Coverage with lcov, and so what?


A while back we ran an experimental line coverage analysis on our acceptance test suite. The result was 68% on the code for the main control board. I got the result from nightly build and mentioned it in Daily Scrum, and prompted "so what do we think about it, should we track it"? Everyone on the team had a blank stare and then finally a team member came forward "yeah, that's a good question. So, what?"

Coverage is information. It is just that, an additional piece of information, not by any means the final truth. I don't remember who teached me this, but;


"If you take all your assert's away you still have the same coverage. You just ain't testing anything at all."
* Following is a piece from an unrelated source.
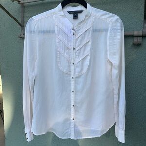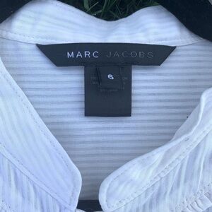 Very nice pre-owned Marc Jacobs light cotton blouse. Round metal buttons down the front and on the cuffs. Flattering bib design.

This has been explained here and of course in Brian Marick's classic How to Misuse Code Coverage (pdf).

Well, maybe the good coverage can not say anything about the quality of your tests, but poor coverage can certainly say thing or two of opposite nature. If your coverage is 20% we can say quite confidently that you ain't there yet.
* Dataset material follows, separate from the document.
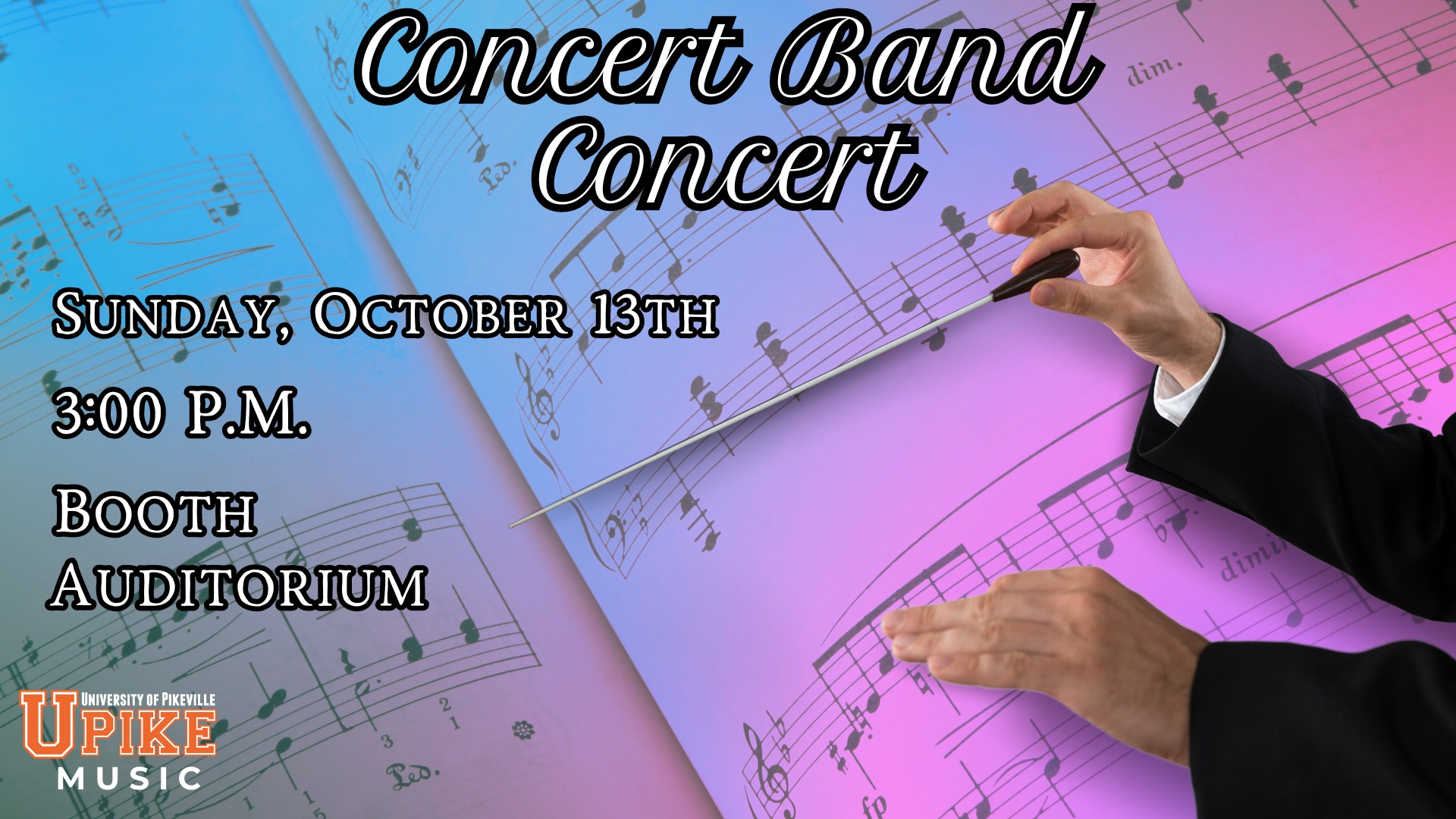 UPIKE Music is proud to present the second installment of the 2024-2025 concert season, the UPIKE Concert Band Concert. Under the direction of Professor Slade Presley Denman, the UPIKE Concert Band will be performing a series of pieces that highlight the prestige, dedication, and sense of tradition that the UPIKE Concert Band strives to achieve with every performance. All are welcome to come out and enjoy an afternoon of great music!

I started with acceptance test line coverage, but the rest is about unit test line coverage. Some embedded teams use gcov and I have heard people fiddling the data to generate fancier reports. Being lazy as I am I didn't do it myself. I did what I'm good at and searched for what others have already done. I found lgov, which is a tool in Perl to format gcov data.

We run lcov under Cygwin. You can get lcov for example from here, extract, and execute "make install". Next compile and link unit tests with gcc using flags "-fprofile-arcs" and "-ftest-coverage". We have a special build target for intrumenting the unit test executables with debug and coverage information so that we don't unnecessary slow down the bulk of builds. Next execute your full suite just like you normally would.

In our case all .obj files from test build are in ./bin directory, and that's where all the coverage data files go to. Our unit test script moves them to ./bin/code_coverage directory away from .obj files, and we want the final html report to be in ./build/test/code_coverage. Now we have the information necessary to create a shell script to do the actual analysis and reporting of coverage data:

path=`dirname $0`
lcov --directory $path/bin/code_coverage -b $path --capture --output-file $path/ic.info
genhtml -o $path/build/test/code_coverage $path/ic.info

Vola', your disappointing(?) results are ready to be browsed, like so:





What the heck, it's all green, while you only have tests for simple utils files? In this approach there is a limitation - you only get coverage information for the files that are involved with your test suite. With huge legacy code, this would yield too promising picture early on. Again you need to think for yourself.

Experiment with coverage in your team, I think it's worth every penny but even when you start closing 100%, remember to keep analyzing, "so what?"